*** DATA IN THIS EXERCISE ***

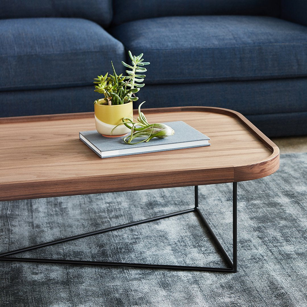 The Rectangular Porter Coffee Table offers an expansive, low-profile surface with refined, modern elements. It features a veneered wood top and a raised, solid wood edge detail with rounded corners. The eye-catching base features an architectural arrangement of two, powder-coated metal triangles. Part of the Porter Series, it is designed to nest with the Porter End Table.
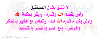 رحمة الله تعالى علينا وعليه 1. إن لم تستطع قول الحق فلا تصفق للباطل 2. إذا لم تجد لك حاقدا فاعلم أنك إنسان فاشل 3. لا تقلق من تدابير البشر فأقصى ما يستطيعون هو تنفيذ إرادة الله 4. لن يحكم أحد فى ملك الله إلا بمراد الله 5. لا تعبدوا الله ليعطي بل اعبدوه ليرضى فإن رضى أدهشكم بعطائه 6. إذا رأيت فقيرا فى بلاد المسلمين فاعلم أن هناك غنيا سرق ماله 7. لا يقلق من كان له أب.. فكيف يقلق من كان له رب راق لي فنسخته لأحبابي. |
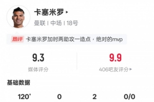 體育資訊4月18日訊 歐聯(lián)杯1/4決賽次回合,曼聯(lián)加時5-4里昂,總比分7-6晉級。本場比賽卡塞米羅首發(fā)出戰(zhàn),1次造點,貢獻2次助攻,送出4次關(guān)鍵傳球,評分9.3全場最高。
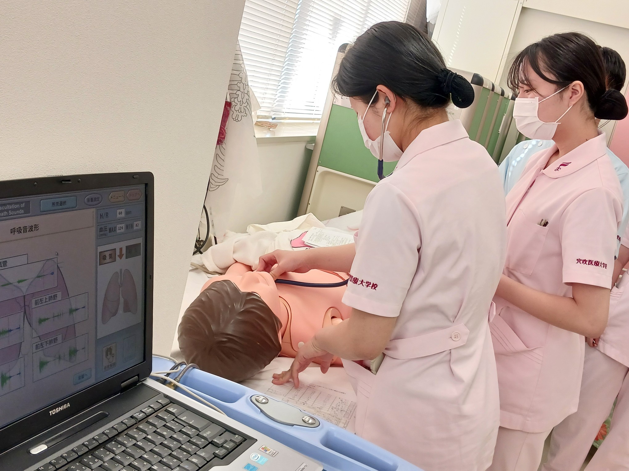 看護学科2年生は、2月から始まる成人老年看護学Ⅰ実習に向けて、演習に取り組んでいます。こちらは、「フィジコさん」というフィジカルアセスメントのモデル人形です。
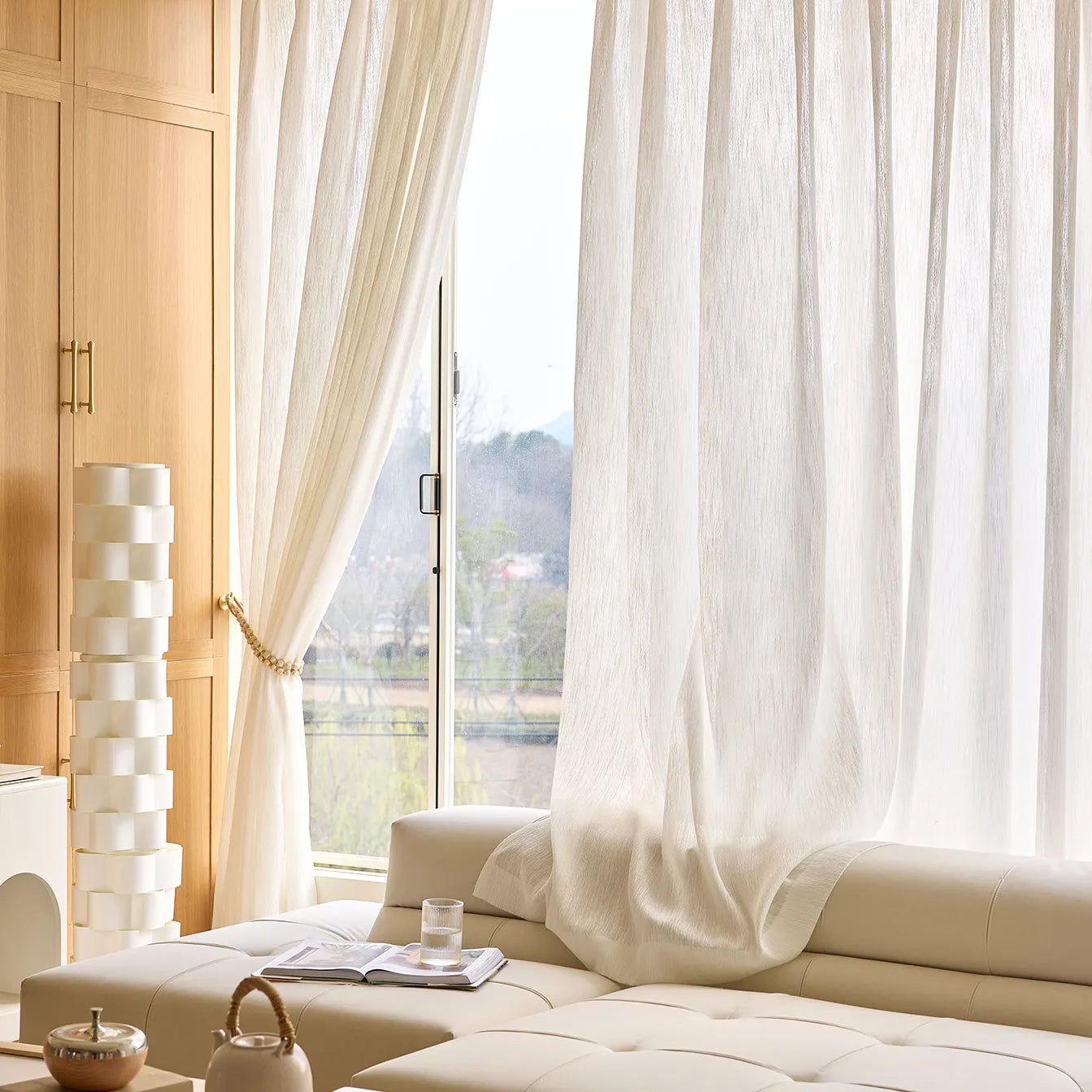 Ce voile léger, confectionné sur mesure, laisse filtrer délicatement la lumière du jour dans la pièce, créant une atmosphère lumineuse et apaisante. Son tissage fin et texturé confère au tissu profondeur et un aspect naturel.
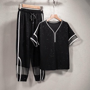 2022夏季新款时尚洋气显瘦大码女装休闲运动港风胖...

*** End of DATA IN THIS EXERCISE ***

[EXERCISE REQUIREMENTS]:
Return verbatim every line from the one holding "看護学科2年生は、2月から始" to the end of the records above. Do not copy the pictures.

[SOLUTION FOR THIS PROBLEM]:
 看護学科2年生は、2月から始まる成人老年看護学Ⅰ実習に向けて、演習に取り組んでいます。こちらは、「フィジコさん」というフィジカルアセスメントのモデル人形です。
 Ce voile léger, confectionné sur mesure, laisse filtrer délicatement la lumière du jour dans la pièce, créant une atmosphère lumineuse et apaisante. Son tissage fin et texturé confère au tissu profondeur et un aspect naturel.
 2022夏季新款时尚洋气显瘦大码女装休闲运动港风胖...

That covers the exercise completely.